Electrochemical-based nanohybrid biosensors have the potential to solve most of the limitations and concerns of bioanalysis and diagnostic tests while maintaining the required sensitivity, selectivity, and LOD to face real needs. Besides, integrating sample preparation into the device allows the possibility of direct analysis within a sample matrix and offers opportunities for new strategies of long-term analysis in vivo, among many other exciting applications. Electrochemical nanohybrid biosensors are particularly suitable for miniaturization and integration in microfluidic devices, thus reducing the consumption of reagents and samples {Formatting Citation}. Applications include detecting whole cells, cell components, proteins, and small molecules to address diagnostics and food and environmental control tasks online and in real-time, but still require more sophisticated platforms with additional elements, such as sample preparation. Although nanobioengineered biosensors are an affordable analytical strategy relative to gold standard detection methods, the development of large-scale electrochemical nanobiosensors is still challenging because they require state-of-the-art technologies for their production in a reproducible and stable manner, directly influencing the cost of the sensing device [109][110]. This apparent drawback could be overcome by scaling, automation, and mass manufacturing to lower costs through advanced methods in elaborating cost-affordable and disposable electrochemical nanobiosensors based on additive manufacturing, including screen inkjet 3D printing or microfabrication technologies [111][110][112][113].

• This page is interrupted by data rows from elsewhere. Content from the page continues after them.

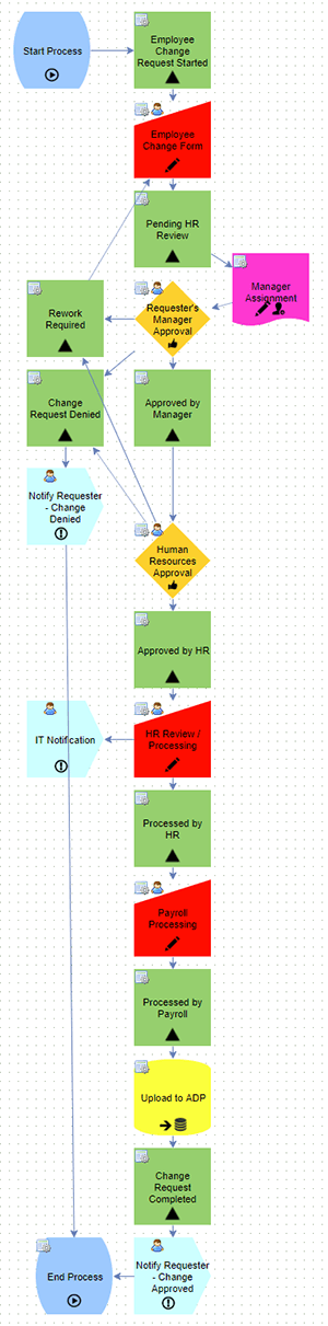 Our Use Case of the Month is the Employee Change Request(opens in a new tab) process. This template provides an efficient way for employees or HR staff to make requested changes to an employee’s records. In our already created process you can request a department change, location change, pay rate change, and/or title change. If you’d like to alter this process at all, the great thing about Nutrient Workflow is you can make any changes to this process or form to match your organization’s change request needs and start using it immediately!
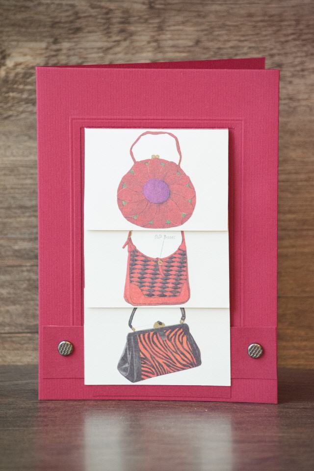 | Format: B 6 | Passpartout-Karte rechteckig: Grundfarbe Bordeaux | aufstellbar | Wasserfallmechanismus: Zieht man an der unteren Lasche, entfaltet sich nach und nach eine Bilderfolge von verschiedenen Taschenmodellen | Geldkuvert
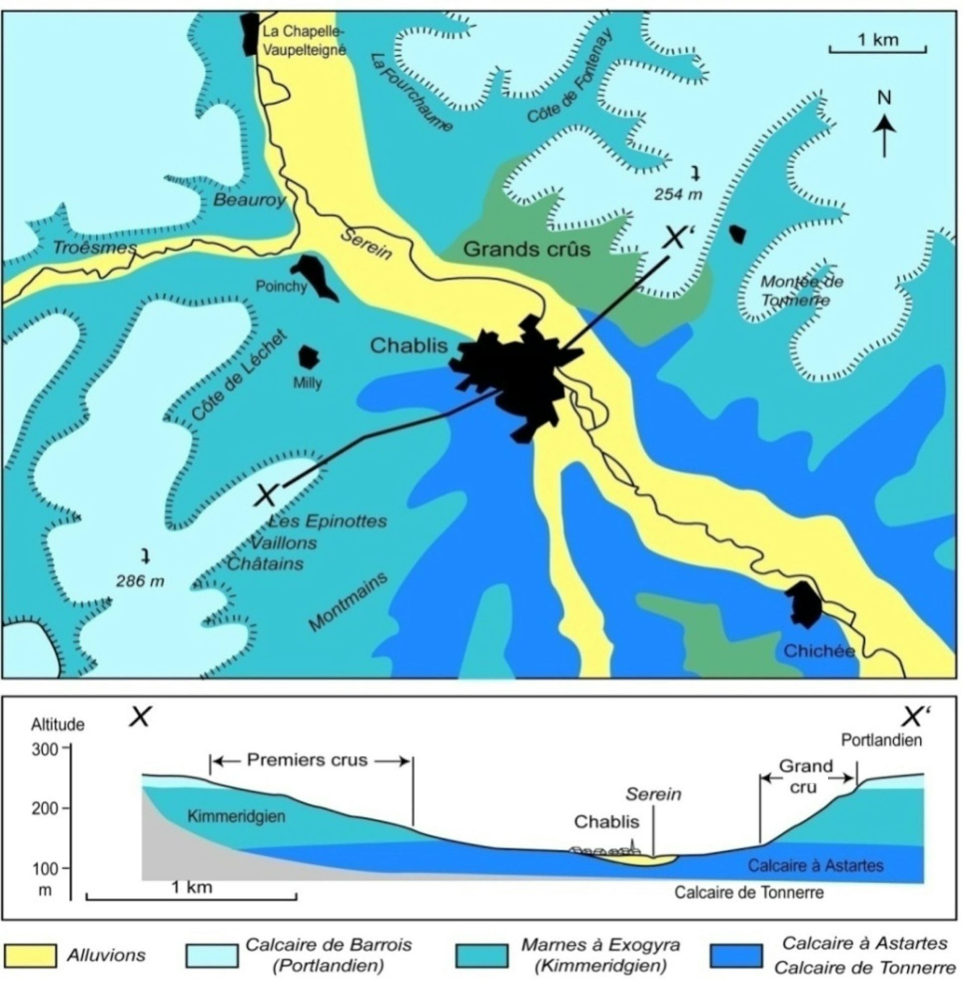 La carte montre que l’on retrouve les crus de Chablis sur les marnes du Kimméridgien (bleu vert). Les « grands crus », eux, se retrouvent sur les pentes les plus raides, dotées d’un ensoleillement plus important (étant tournées vers le sud-ouest) que les « premiers crus ».
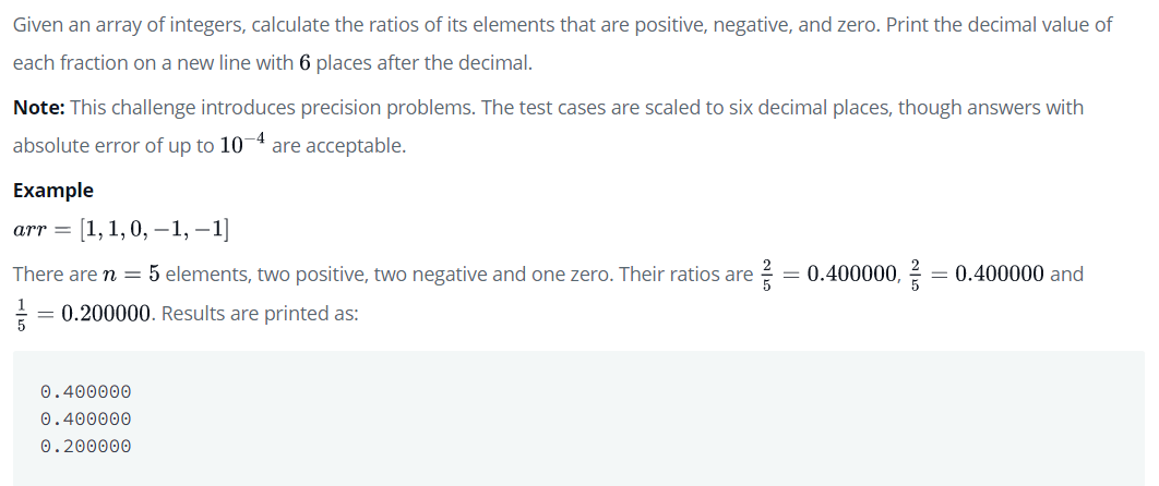 void plusMinus(int arr_count, int* arr) {
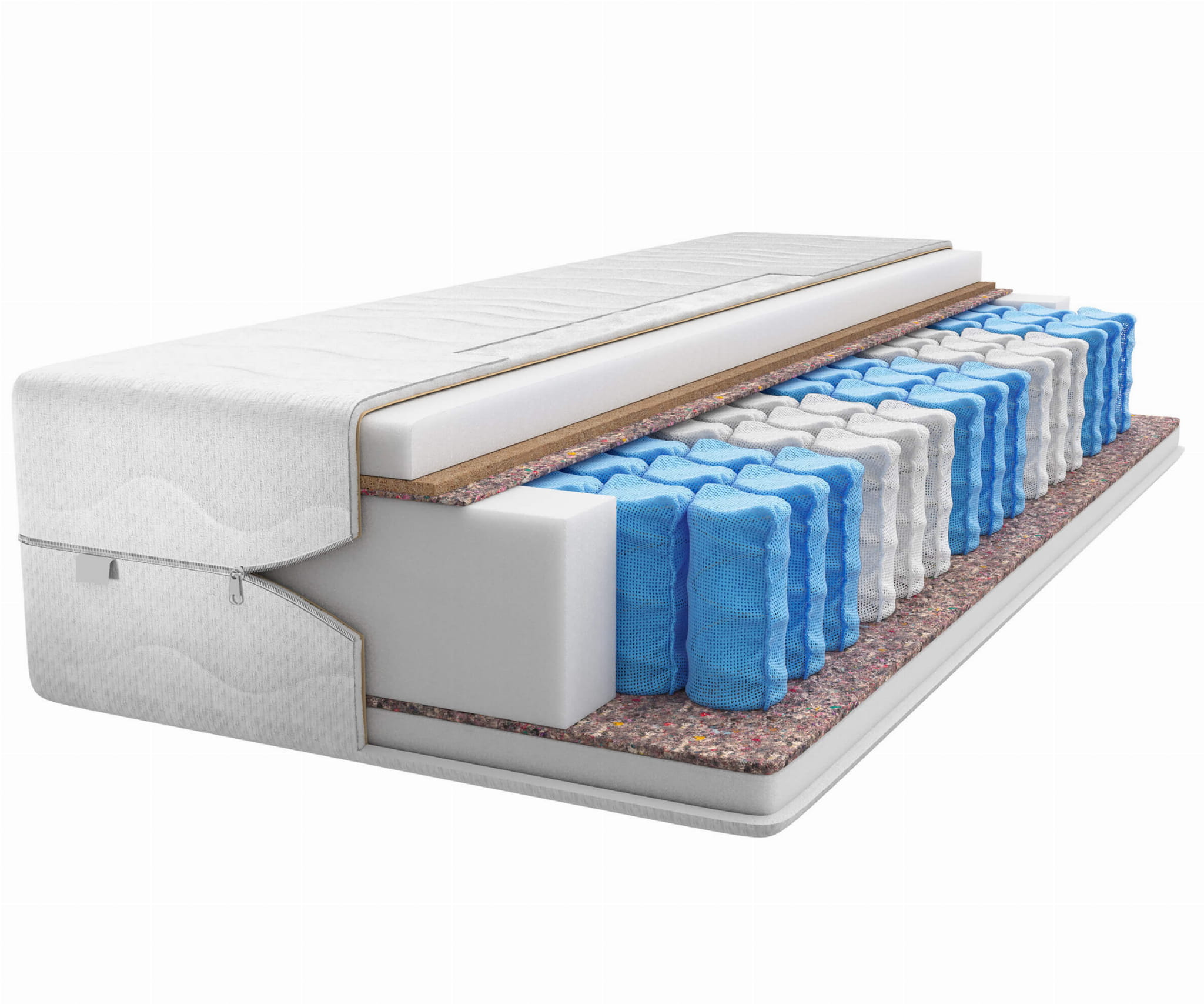 | 1. Cipzáras huzat - könnyen levehető és mosható huzat. Háromféle huzat közül választhat. 2. PUR hab - a szerkezetének köszönhetően jó illeszkedést tesz lehetővé, biztosítva a megfelelő légáramlást a matrac egészén. 3. Kókuszrost - természetes összetevőkből készült kókuszrost réteg, amely nem okoz allergiát. A kókuszrost alátét hatékonyan erősíti a matrac szerkezetét és meghosszabbítja annak élettartamát. 4. Zsebrugók - külön zsebekbe vannak elhelyezve, ennek köszönhetően minden rugó önállóan működik, és működésük teljesen csillapított. A kínált matrac 9, a felhasználóra szabott keménységű zónával rendelkezik. 5. Filc - nagyszerű szigetelés a rugók számára a habrétegekkel. Megerősíti a matrac teljes szerkezetét. 6. PUR hab - a szerkezetének köszönhetően lehetővé teszi a jó illeszkedést, biztosítva a megfelelő légáramlást az egész matracban. | ![]() |
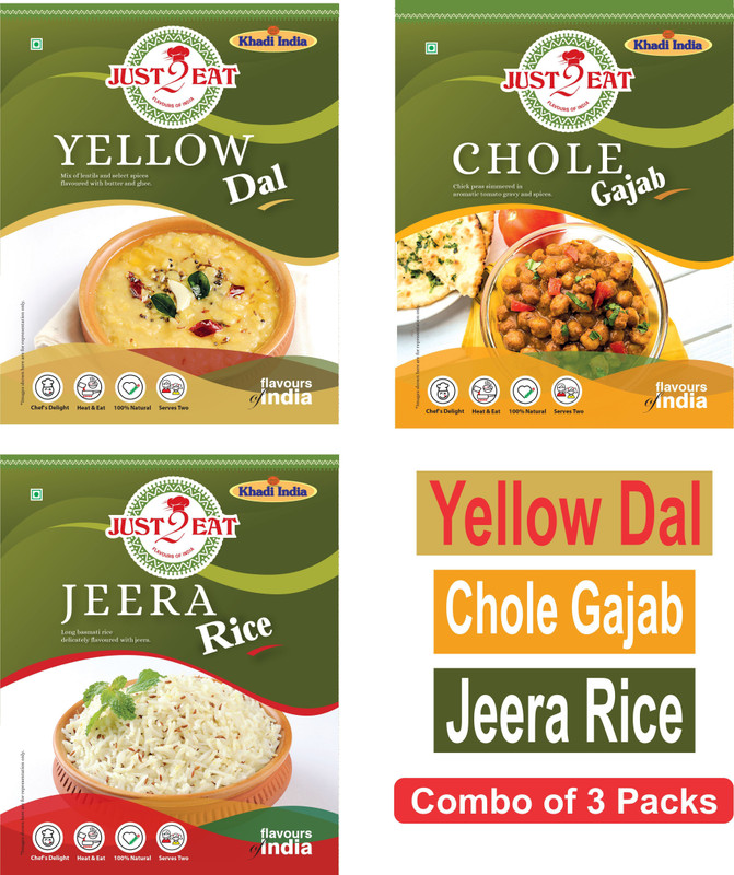 Just 2 Eat Combo Pack of 3, Veg Pulao Aloo Mutter Yellow Dal ...
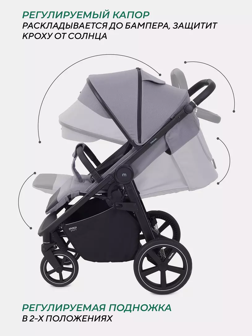 Идеальная модель как для лета, так и для зимы! Детская прогулочная коляска MOWBABY TRAIL покорит вас: мощными колесами, не требующими поддува, которые шутя справятся с проблемным ландшафтом; регулируемой пружинной амортизацией. К тому же сложенная коляска устойчиво стоит в вертикальном положении, что не даст ей испачкаться и обеспечит комфортное хранение.
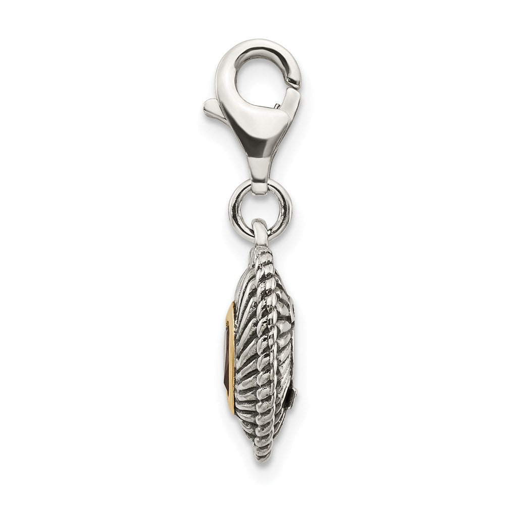 Shey Couture Sterling Silver with 14K Accent Antiqued Heart Shaped Garnet with Lobster Clasp Heart Charm

Overall, this research exemplified nanobiosensors mainly based on screen-printed electrodes modified with nanohybrids conjugated with highly specific bioreceptors for enhanced biosensing. Yet, the richness in the art of biosensors deserves deeper exploration and support of exciting new ideas. Overall, nanobiohybrids are paving the way in the pioneering development of highly sensitive and selective electrochemical nanobiosensors and represent remarkable research advances that are a step forward in increasing the impact of this exciting, cutting-edge technology in the field of biomarker detection of clinical interest [110].